↗ arXiv ↗ Hugging Face ↗ Papers with Code
TL;DR#
Large Foundation Models (LFMs) are increasingly used not just for text, but to interact with digital systems via Graphical User Interfaces (GUIs), like humans do. This approach, using GUI agents, is promising but faces challenges like adapting to dynamic layouts and diverse GUI designs across platforms, as well as correctly identifying visual elements within a page. These elements can be small, numerous, scattered, and visually different between websites and apps. Existing GUI agents struggle with complex and nuanced GUI interactions, limiting their practical applications. They may fail to interpret the state of GUI elements or perform actions accurately. Existing benchmarks lack diversity, do not sufficiently reflect real-world scenarios, and haven’t established standardized evaluation metrics. Furthermore, privacy concerns arise from dealing with potentially sensitive information in GUIs.

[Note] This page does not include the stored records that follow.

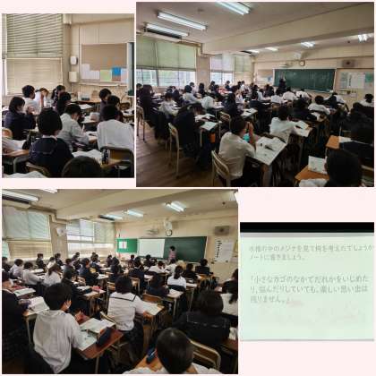 また、それぞれ学年の道徳の授業の中でいじめやいのちについて考えることを主題とした題材をもとに、気づいたことや考えたことを教室全体やグループの中で共有したりしました。
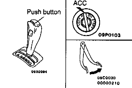 Ignition key position: "LOCK (OFF) ", or removed Brake pedal: Depressed
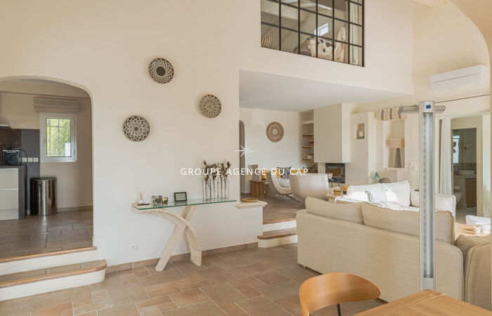 Vue dégagée jusqu'à la mer pour cette superbe villa aux prestations récentes dans l'un des plus beaux domaine sécurisé et à proximité des golfs et commerces. Salon et salle à manger, 4 chambres avec chacune leur salle d'eau, cuisine entièrement équipée, bureau en mezzanine. Piscine et boulodrome.
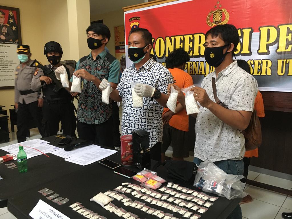 Anton Saman menegaskan, tersangka Mr dijerat pasal 114 ayat 2 Jo pasal 112 ayat 1 UU Nomor 35 Tahun 2009 tentang Narkotika dan UU Nomor 36 Tahun 2009 tentang Kesehatan dengan ancaman 15 tahun penjara.
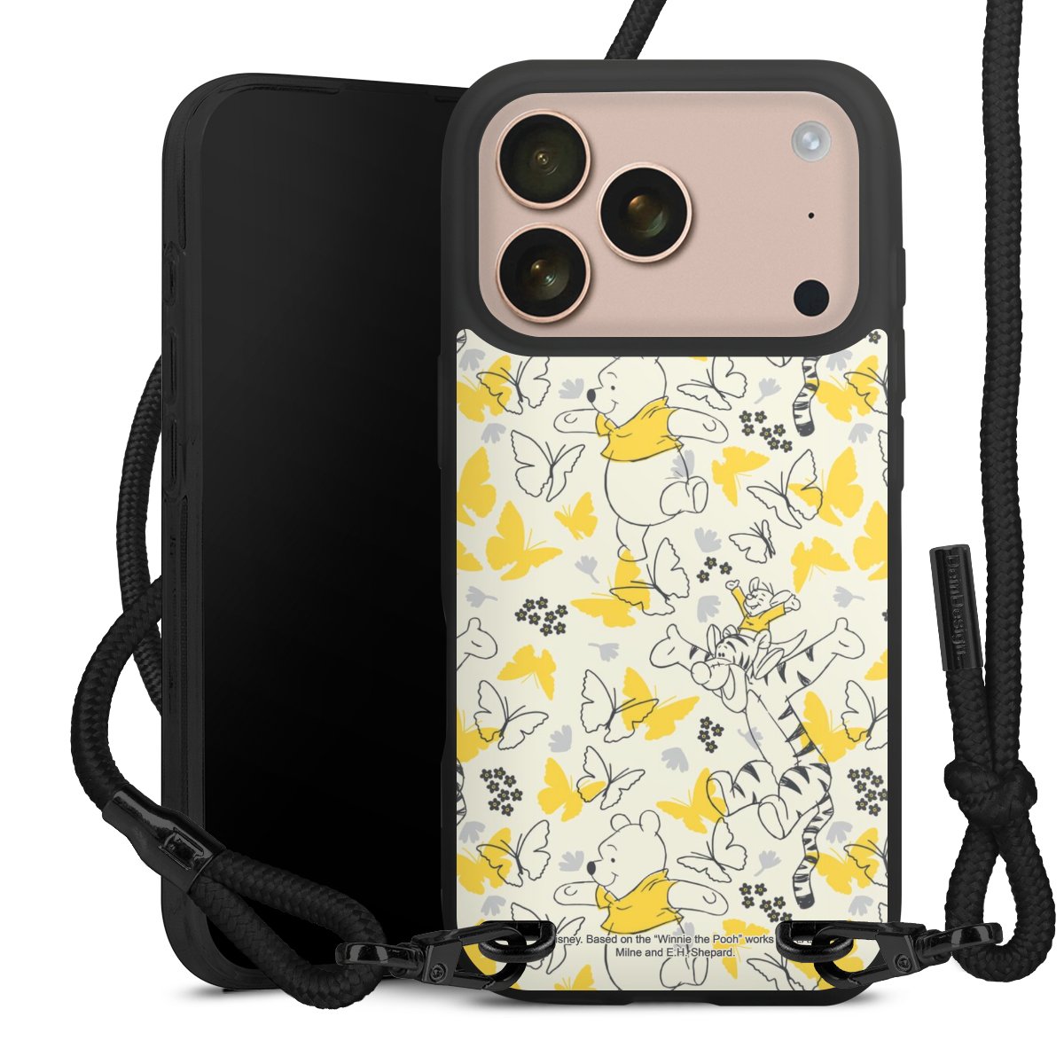 Pure Black: Phone case, fabric strap and metal details in stylish matt black.
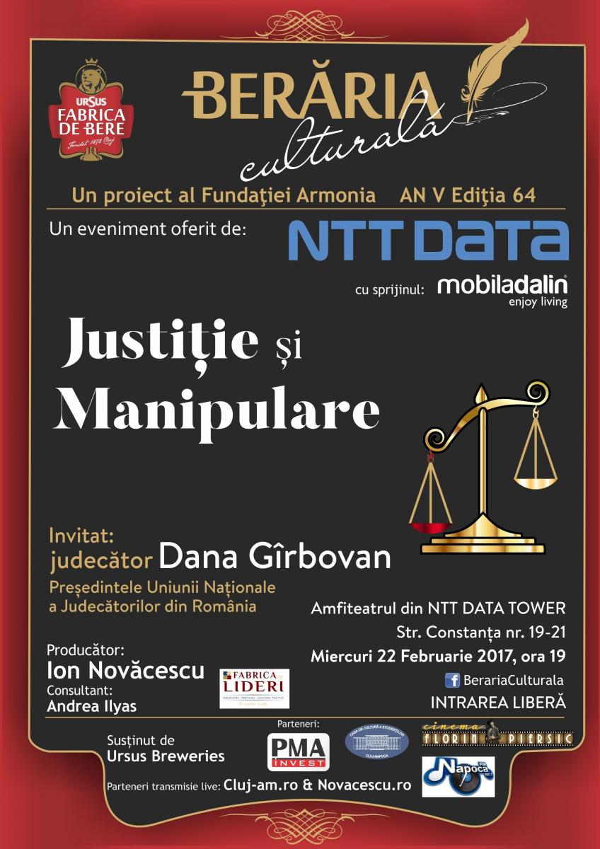Judecătorul Dana Girbovan, cea căreia Premierul României i-a propus să devină Ministru al Justiției si care a declarat ca a respins aceasta propunere, a vorbit despre Justiție și manipulare la „Berăria Culturală”, în 23 februarie 2017.
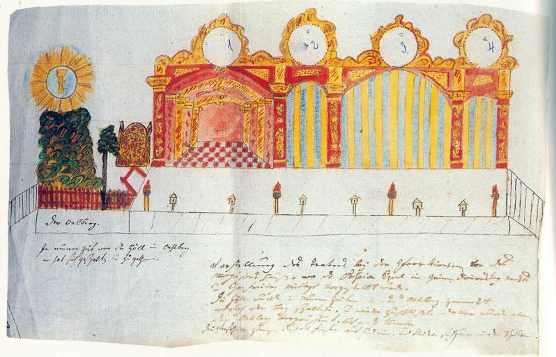 Keywords: Passionsspiel buehne gmuend.jpg Bühne des Schwäbisch Gmünder Passionsspiels Zeichnung von Dominikus Debler in seiner Chronik Stadtarchiv Schwäbisch Gmünd Bd IX S 299 Die Chronik des Dominikus Debler 1756-1836 2006 S 114 Anfang 19 Jahrhundert Dominikus Debler PD-Art Passionsspiel Schwäbisch Gmünd Dominikus Debler Theatre in art |
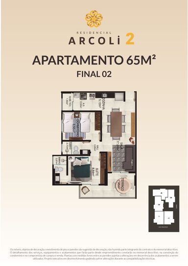 Imóvel (65,62 metros úteis) contando com 02 dormitórios sendo 01 suíte, sala dois ambientes, sacada gourmet frente para a rua, cozinha, área de serviço, banheiro social e 01 vaga de garagem.
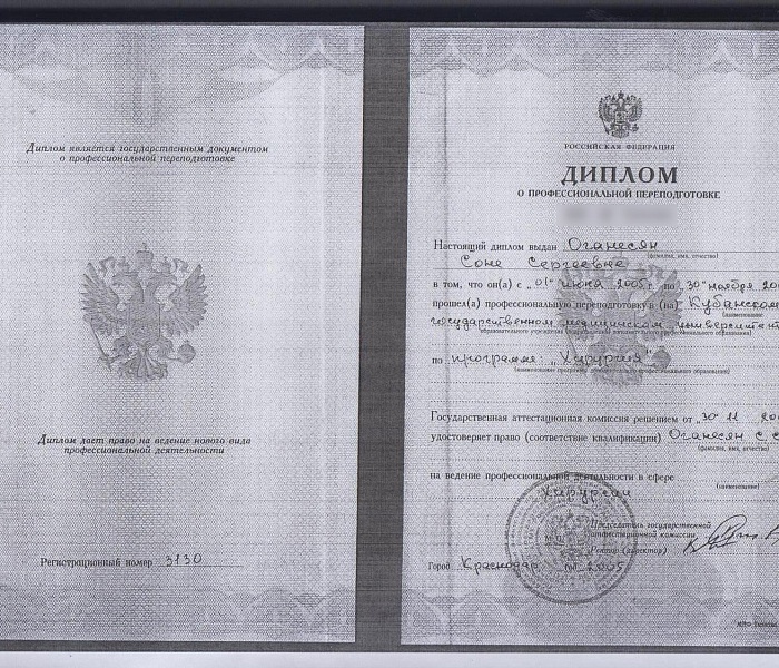 Имеет сертификат по эстетической пластической и лазерной хирургии. Действительный член Российского общества эстетической медицины.
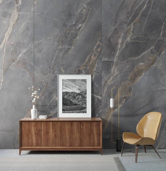Το Velvet Marble R193 αποδίδει την κομψότητα του γκρι μαρμάρου με υφή Peetah, προσφέροντας αδιάβροχη και στιβαρή λύση για εσωτερικές εφαρμογές.
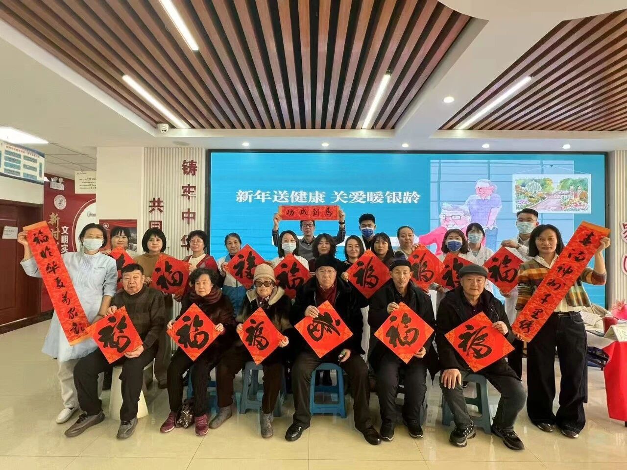此次活动远不止一次体检。现场还变身“一站式”便民服务集市。政策咨询台前,工作人员细致讲解养老政策与意外险条款;反诈宣传区,民警结合案例提醒老年人守护好“钱袋子”;爱心义诊区域,来自天衡医疗、东大肛肠、朝聚眼科、贝特瑞尔口腔、幸福口腔等医疗机构的医生们耐心解答健康咨询;适老化产品体验区吸引不少老年人驻足,让老人们亲身感受科技养老的便利。此外,墨香阵阵中,书法协会的老师们挥毫泼墨,一幅幅春联、一张张“福”字递到老人们手中,浓浓年味扑面而来。
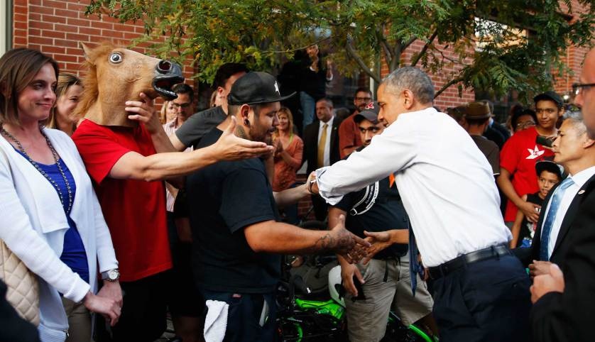 Người đàn ông đội chiếc mặt nạ đầu ngựa chuẩn bị bắt tay Tổng thống Mỹ Barack Obama ở Denver. Ảnh: Reuters |
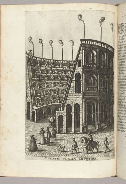 Curator: This engraving from the late 16th century, entitled "Theater van de Vrede (interieur)," which translates to "Theater of Peace (interior)," produced circa 1594-1595 by Pieter van der Borcht the Elder, immediately evokes a sense of grandeur. Editor: Yes, my immediate impression is of meticulously organized chaos, or rather, a structural dance. Look at the radiating lines of the seating contrasted with the static figures. The visual perspective almost hyperbolizes the spatial arrangement. Curator: The subject matter also speaks volumes about the cultural anxieties and aspirations of the time. The “Theater of Peace” is not merely a building; it's a symbolic space, representative of a desired utopian social order. What we're viewing can be contextualized with rising humanism—hope—across Europe and perhaps an indictment against protracted imperial projects. Editor: Precisely. Van der Borcht utilizes the receding planes of the theater to amplify the idea of perspective – both visually and conceptually. See how the artist's rendering of depth charges the scene with meaning. Curator: And how the tiers upon tiers of figures create a social panorama. The people are representations of various societal roles all in this place together. Notice they are presented with attributes that help denote which function or place each is to occupy in the cultural memory that such an image sustains. They are archetypes of their civic responsibilities. Editor: Absolutely. He utilizes symbolism deeply embedded in Northern Renaissance thought and style—the overall architectural rendering being almost Escher-like. Yet, if one scrutinizes the geometric lines and careful gradation of shading, it presents a complex system that balances structure and suggestion, reflecting human aspirations of perfection with known flawed approaches. Curator: It is, indeed, a powerful fusion of artistry and ideology. I am continually struck by how deeply ingrained notions of societal harmony were articulated via such architecturally fascinating representations. Editor: It makes one consider how our own contemporary architecture—or depictions of it—mirrors or deviates from this quest for visible, material utopia. Thanks, this print left me more meditative and appreciative of the intricacies and paradoxes that artists render so palpable in architectural and social space.
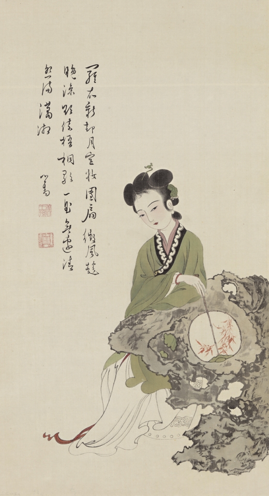 另一種常出現複本是仕女畫作。溥心畬的仕女畫(圖11、12),具有清逸高雅的傳統氣質,屬於明清仕女清麗的樣式。相同筆法繪製的〈觀音〉畫像,線條淡雅、衣褶飄逸,具有莊嚴靜美之貌。諸多觀音畫像是為紀念他的母親項夫人,每逢母親忌日,往往割指沾血,恭寫〈心經〉,或以血滲硃砂繪觀音。史博館〈硃砂觀音〉(圖13)與故宮的〈研朱觀音〉(圖14)兩件作品構圖、款識、日期都完全相同,僅史博館本圖上比故宮本少了兩枚印。此外像〈水月觀音〉、〈達摩〉、〈駱駝與人〉等作品,都具有複本,同一構圖都以白描作畫,有的敷彩稍有不同,有的大部分相似,但身著衣服是不同顏色、抑或在岩石上多幾棵枝葉等小變化,而題以不同的詩句。此外亦有些花鳥作品,如故宮〈楓竹幽鳥〉與〈秋高鳴鵙〉,兩作為同一構圖,以落款內容有所差別區隔。
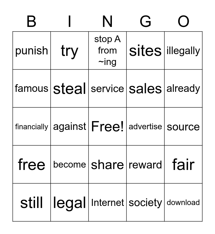This bingo card has a free space and 24 words: become, legal, service, still, illegally, punish, famous, try, advertise, share, sales, financially, reward, fair, steal, society, source, stop A from ~ing, already, against, download, free, sites and Internet.
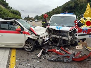 Impatto violentissimo fra una vettura e una ambulanza veterinaria sulla sulla strada statale 7 bis a Monteforte Irpino in località Campi (Avellino). Vigili del fuoco estraggono dalle lamiere un uomo ed una donna, portati dal 118 al Moscati di Avellino.

This paper provides a comprehensive survey of GUI agents, establishing a unified framework to categorize research. It examines benchmarks, evaluation metrics, architectures (perception, reasoning, planning, acting), and training methods (prompt-based, training-based). By clearly defining the problems and current approaches, the survey aims to facilitate research and development of more robust and efficient GUI agents. It also highlights open challenges like intent understanding, security and privacy, and inference latency, offering directions for future research and aiming to guide the development of more sophisticated GUI agents capable of reliably automating complex tasks in diverse digital environments. It emphasizes the importance of developing standardized evaluation metrics and more realistic benchmarks.
Key Takeaways#
Why does it matter?#
This survey is crucial for AI researchers due to the rising importance of GUI agents. It provides a comprehensive overview of current progress, challenges, and future directions in the field, offering valuable insights for both newcomers and experienced researchers. It highlights the potential impact of GUI agents on automating human-computer interaction and opens new avenues for research in areas such as robust intent understanding, security, real-time responsiveness, and personalization of these agents.